In battery cell engineering, analyzing electrochemical performance is crucial. The performance of a battery highly depends on the effects of repeated charging and discharging cycles, which can cause the degradation of the battery’s capacity over time. Detailed evaluations focusing on ion and electron movements within the cell, which impact temperature profiles, inform decisions regarding the placement of anodes, cathodes, and separators.
This analysis examines micro- and macro-scale diffusion, thermoelectrical losses, and charging and discharging effects.
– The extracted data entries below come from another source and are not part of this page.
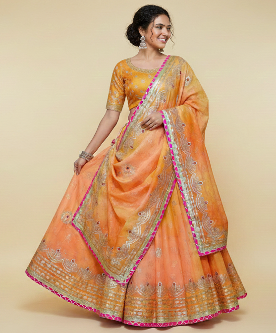 The warm peach and orange hues create a soothing yet vibrant look, making this lehenga an excellent choice for haldi ceremonies, festive gatherings, Navratri, Garba nights, and wedding functions. Lightweight and comfortable, this lehenga set comes with a matching blouse and dupatta, ensuring effortless style throughout the celebration.
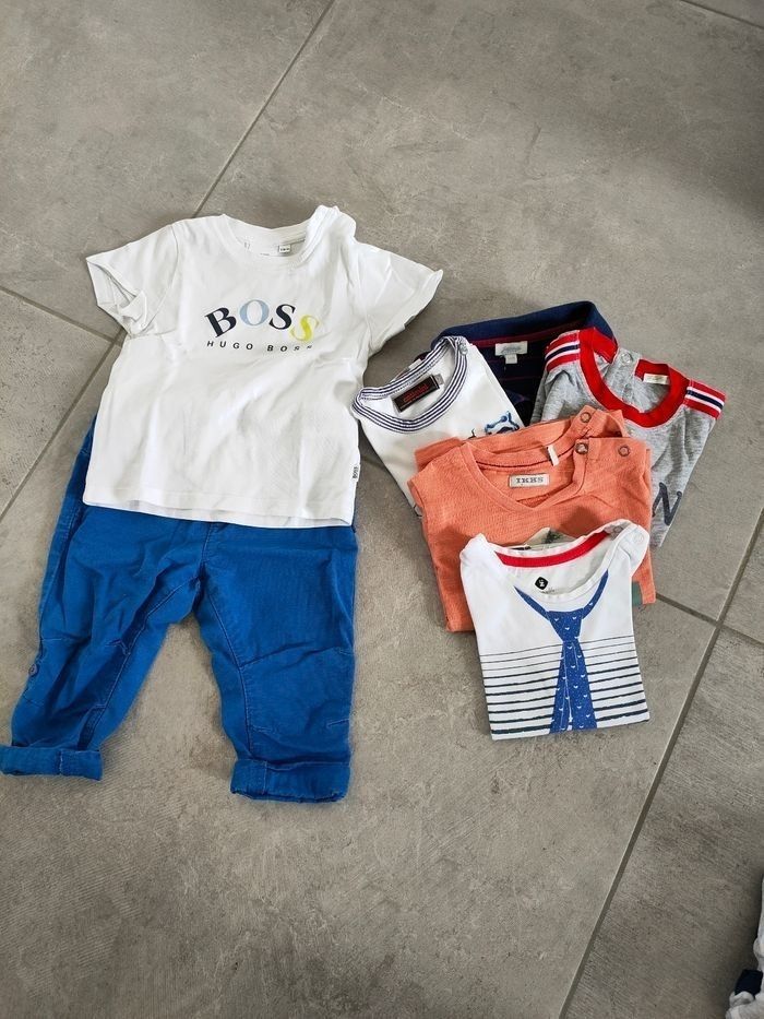 Le lot comprend: - 5 tee shirts de marque Hugo Boss, IKKS, United colors of Benetton, Catimini et Z - 1 polo Jacadi - 1 pantalon État quasi neuf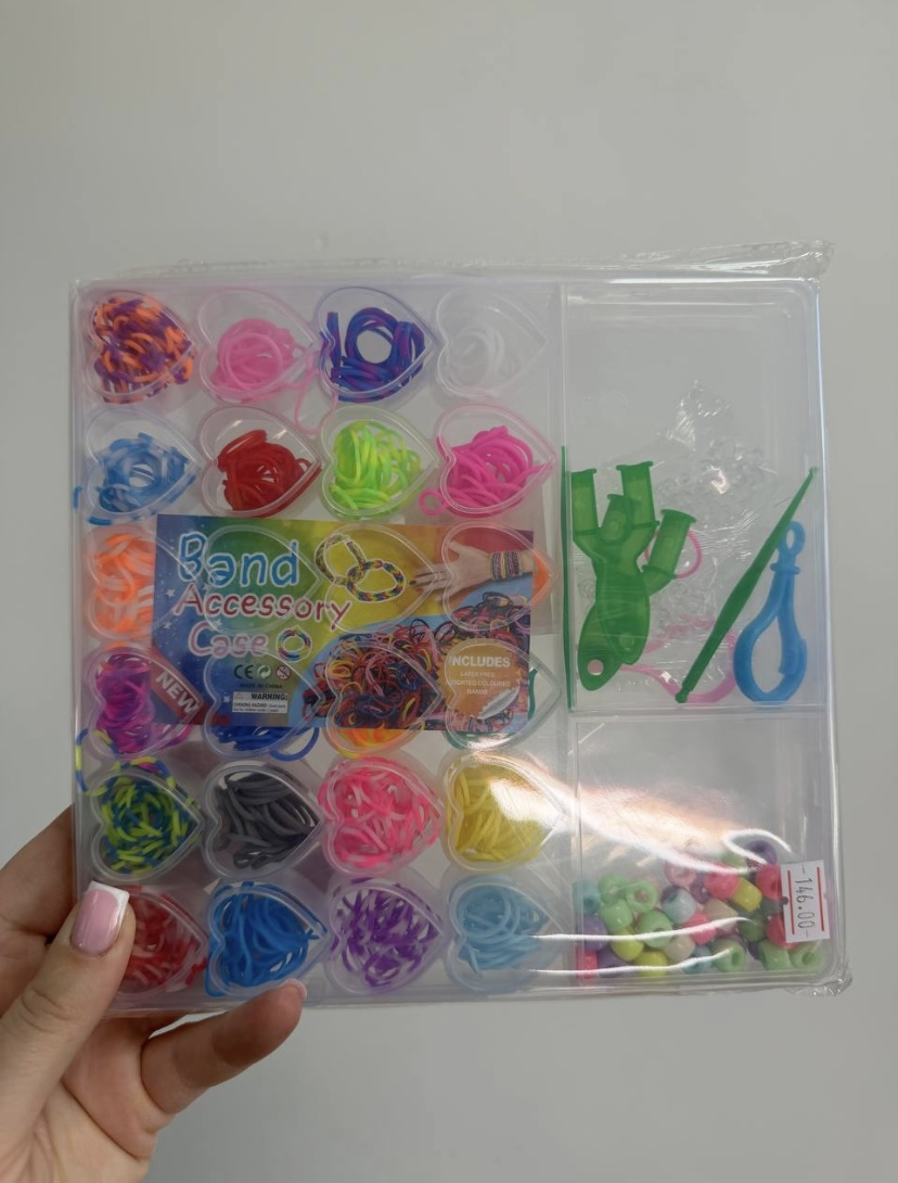Набір для творчості «Плетіння з резинок» — це все необхідне для створення яскравих браслетів, аксесуарів та прикрас власними руками. Він допомагає розвивати дрібну моторику, креативність та терпіння у дітей і дорослих.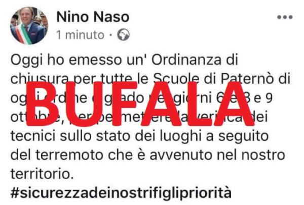 PATERNO': DOMANI SCUOLE REGOLARMENTE APERTE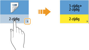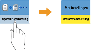 zich bevindt om het instellingenscherm weer te geven. Wanneer de instelling is gewijzigd, wordt de instellingenstatus bovenaan de knop weergegeven en verandert de kleur van het onderste gedeelte.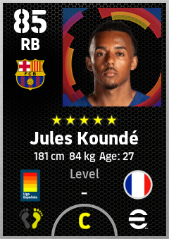 . Jules Koundé is a Right Back footballer from France who plays for Fc Barcelona in eFootball 2026.
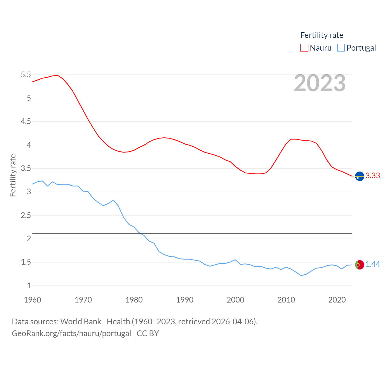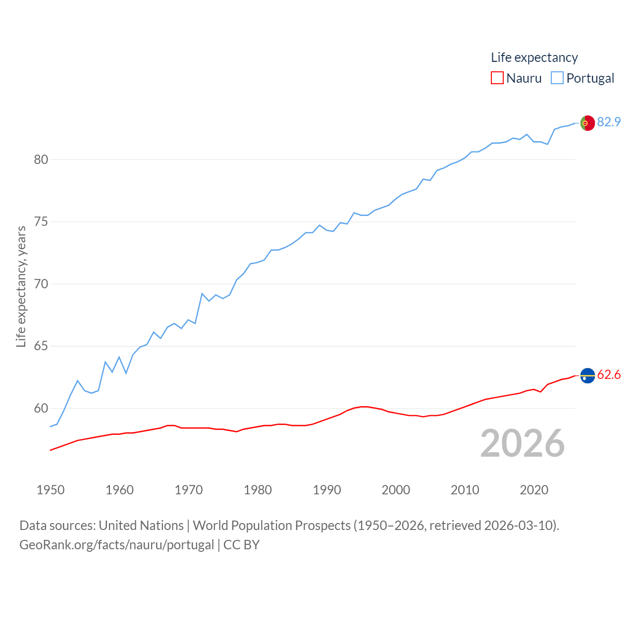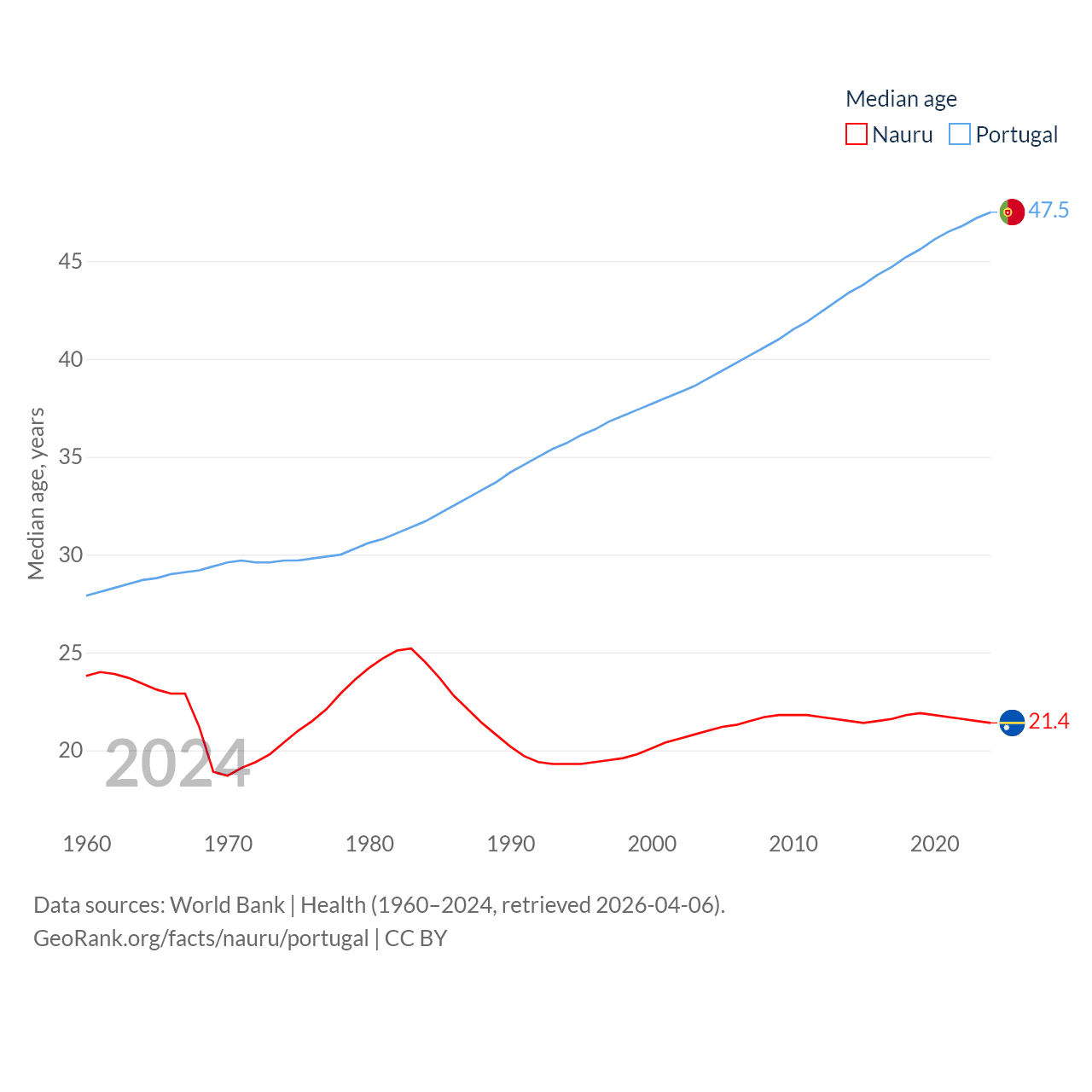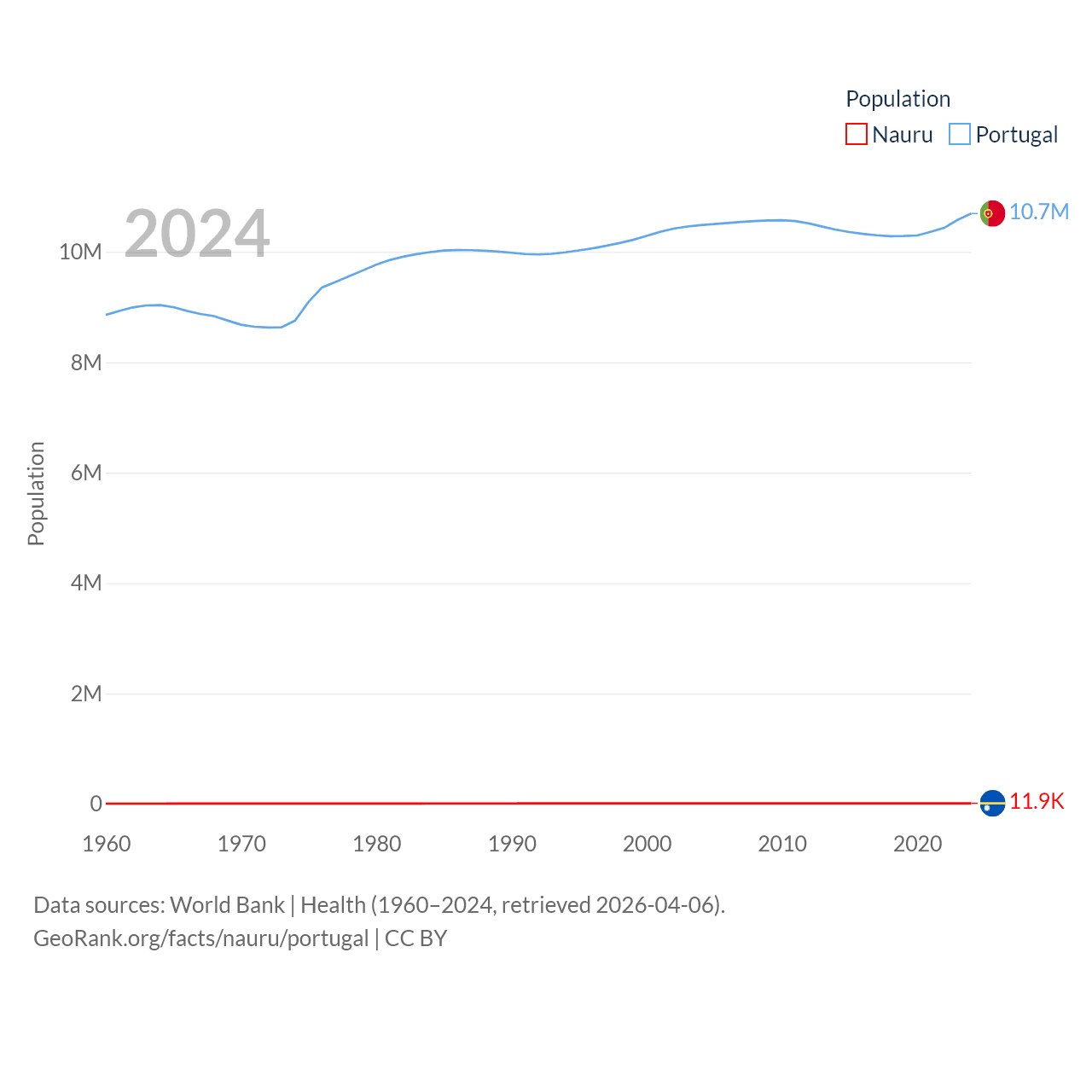 Nauru has a population of 11.9K (ranked 195/197), compared with 10.7M in Portugal (ranked 90/197). Nauru's land area is 7.72 sq mi versus 35,369 sq mi for Portugal (ranked 195th vs. 108th).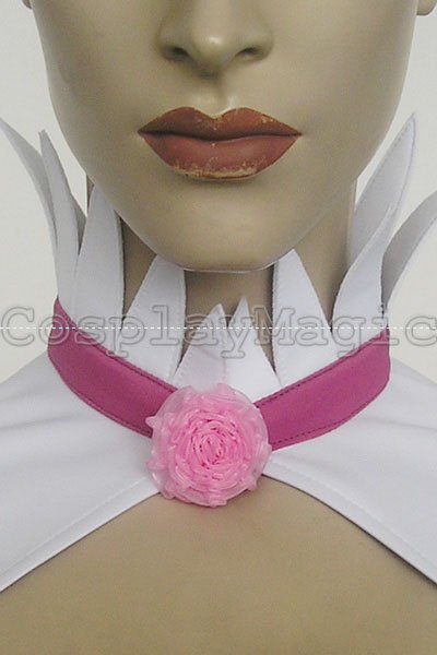 - White and pale purple dress with spiky collar and cuffs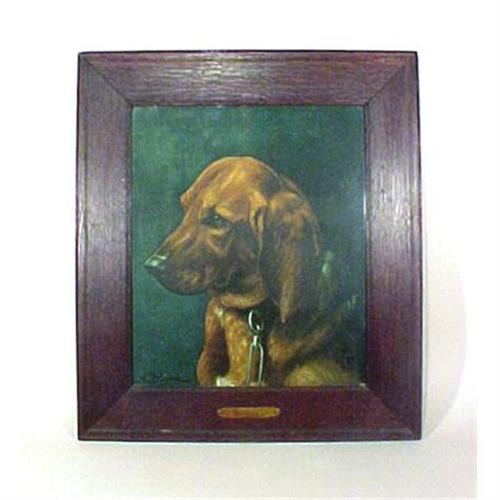 Here is a spectacular framed print entitled Sorcerer. This print is after the famous painting by Alexander Pope and this is so signed on the bottom left. The print is in spectacular condition ? to see it in real life you would not be able to take your eyes off of it! It is housed in a very simple well done oak frame. The frame appears to be original with all the original paper backing on it. It has a brass plaque at the bottom with the word Sorcerer. It is a nice large image and a fabulous décor for any dog lover! Overall it measures 21 ½? x 24 ½? and the sight size is 14 5/8? x 17 ½?.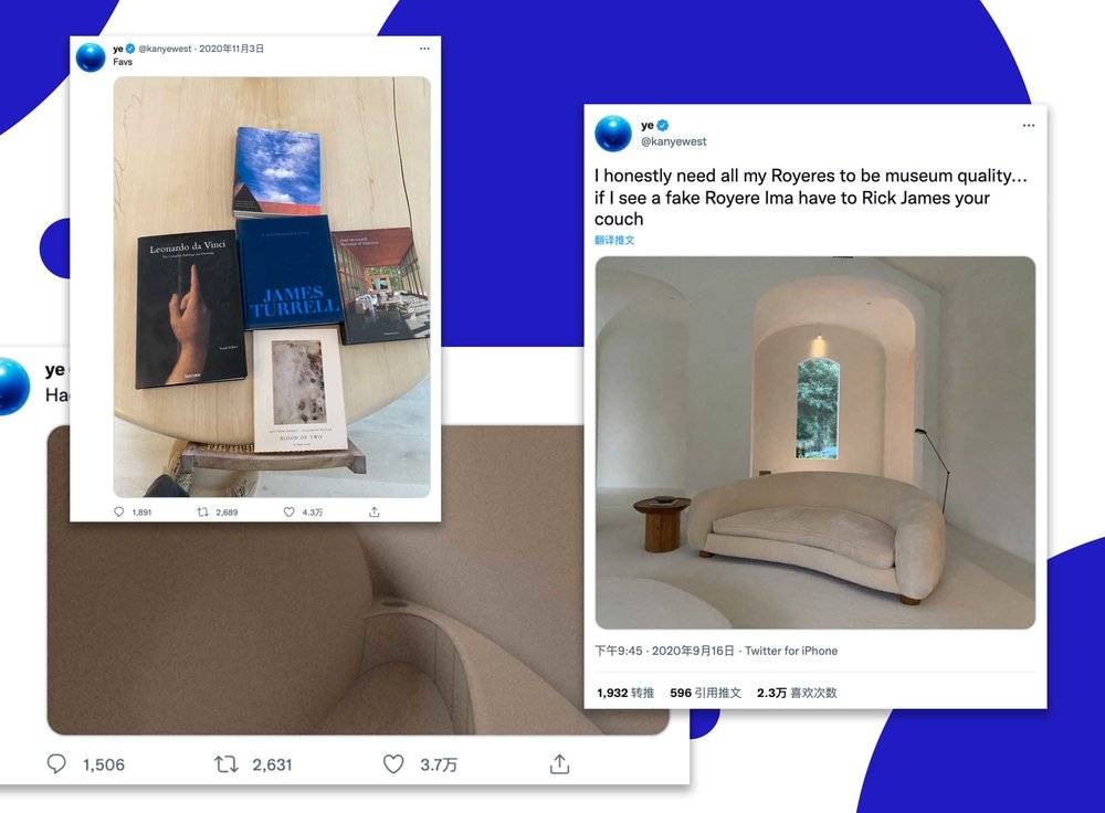 Kanye West 可能是最爱自己晒家具的人了,他曾在网上一再表示自己对法国设计师让·普鲁韦在20世纪40年代末设计的Ours Polaire(法语:北极熊)沙发的喜爱。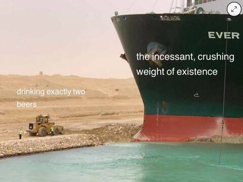 इंटरनेट पर बड़े शिप के पास खड़े छोटे बुल्डोजर की तस्वीर शेयर होते ही वायरल हो गई और यूजर्स ने छोटे से बुल्डोजर का मजाक बनाते हुए काफी मीम शेयर किए हैं. वहीं कॉमिक कलाकार चैज़ हटन ने ट्रैफिक जाम पर एक चित्र पोस्ट किया है.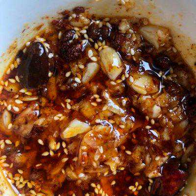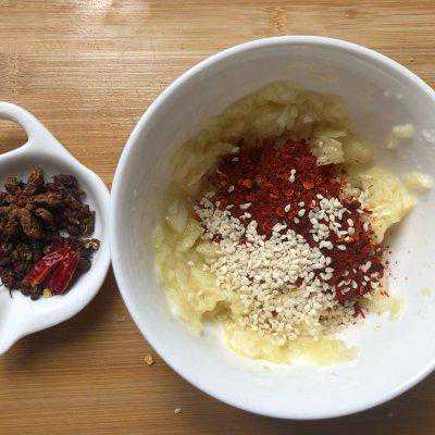 4、给大家推荐一款万能凉拌调料汁:一头大蒜拍碎,捣成蒜泥,放入一勺干辣椒面,白芝麻,鸡精少许,花椒粉少许。锅内起油,有微热放入八角,桂皮,花椒,等,葱段,香菜等,炸出香味,捞出大料,油微微凉一分钟,倒入蒜蓉碗中,这样做出的辣椒油色泽红亮,不暗沉,加入盐,搅拌均匀放入凉菜中,随便调什么凉菜都可以。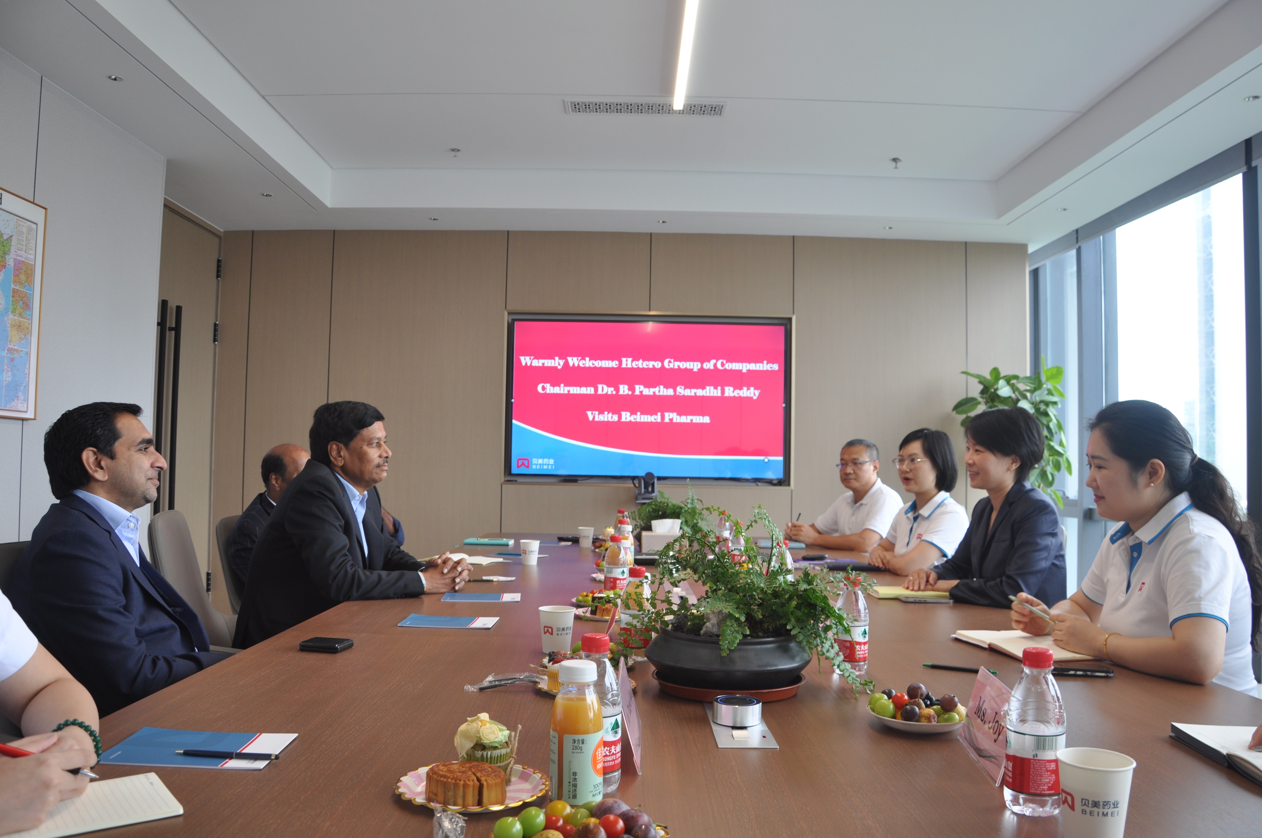 2023年8月31日上午,印度Hetero制藥公司主席Dr. B.Partha Saradhi Reddy、新興市場總裁Mr. Bheemireddy Murali Krishnar Reddy、國際市場副總Mr. Variyath Muraleedharan、API 負(fù)責(zé)人 Mr. Suman Reddy Bandi、制劑BD Tanya Wang一行五人來訪深圳市貝美藥業(yè)有限公司參觀交流。貝美藥業(yè)董事長兼CEO吳光美女士、首席技術(shù)官兼副總經(jīng)理任鵬、副總經(jīng)理李歡以及貝美BD團(tuán)隊熱情接待。

Electrochemical analysis can be performed using porous electrode theory (PET) in Abaqus/Standard, based on a homogenized Newman-type approach that simplifies the complex pore geometry.
At the macroscale, the porous electrode is modeled as a homogenized medium consisting of the superposition of an active solid electrode particle phase and a liquid electrolyte solution phase, with known volume fractions. At the microscale, a collection of spherical particles is assumed for which a (nonlinear) lithium-ion diffusion model is solved. A conductive binder connects the solid particles and together forms the solid electrode phase.

Due to their multiple advantages over other battery types, lithium-ion batteries have become the backbone of rechargeable batteries used in EVs. The electrochemical performance of these batteries depends on the interaction between various diffusion processes. During charging, lithium ions are intercalated through the electrolyte. At the same time, electrons flow through the external circuit, highlighting the duality of macro-scale diffusion for lithium ions and micro-scale diffusion for electrons. Conversely, during discharging, the processes reverse, underscoring the importance of examining ion and electron movements to assess overall battery performance.
All the stages in the electrochemical process (microscale, macroscale diffusion and intercalation) are numerically incorporated in Newman’s model. The governing equation derived from the 3D Newman model is central to this process, which uses a coupled thermal and electrochemical process to simulate battery behavior.
This model allows us to investigate the temperature distribution for different voltage and current profiles at different charging rates. Charging rates play a critical role in battery performance. The charging rate, defined as “C,” directly influences temperature generation and battery wear. For instance, a 1C charging rate means a battery fully charges in one hour, while a 2C rate halves the time. However, higher charging rates can lead to significant temperature generation, posing safety risks, whereas lower rates offer more uniform temperature profiles but require longer charging times. Thus, a trade-off between charging time and temperature generation rates is essential.
Additionally, changes in voltage characteristics can be investigated due to heat generation and charging rates. Based on the inputs, this analysis can select the most efficient cell type (cell, pouch, etc.) and the correct placement of tabs.
Advanced Newman’s model includes displacement effects called Coupled Temperature-Displacement Electrochemical analysis. This allows the examination of volumetric strains caused by temperature changes. This layered approach, based on the 3D Newman model, aids in optimizing battery charging strategies by providing insights into lithium-ion concentration, volumetric straining, temperature profiles, and potential variations across different battery types. Additionally, it can be used to analyze phenomena such as swelling-induced electrolyte flow, porosity evolution, stress induced by swelling, electrode architectures in 3D, etc.
A generalized workflow for electrochemical performance simplifies the analysis process, enabling efficient evaluation of cell behavior under varying conditions.
Generalized Workflow for Electrochemical Performance

Due to thin layers of cell components, it’s usually not feasible to perform the analysis directly in 3D with an exact representation of the cell. Usually, electrochemical performance analysis starts with a simple representation of cell components.
A P2D (Pseudo 2D) simulation for simplified cell component representation showcases the cell components in a planar representation. This process includes maintaining accurate volume fractions of anode, cathode, and separator in 3D. Once the P2D model setup is done, the material parameters are calibrated based on test data and Newman’s model to ensure a realistic electrochemical property simulation. The calibrated material model from the P2D simulation is then applied in detailed 3D Finite Element (FE) modeling, named P4D simulations, to evaluate desired outputs. This method streamlines the mimicking of real-world battery behavior through iterative material calibration and advanced simulations.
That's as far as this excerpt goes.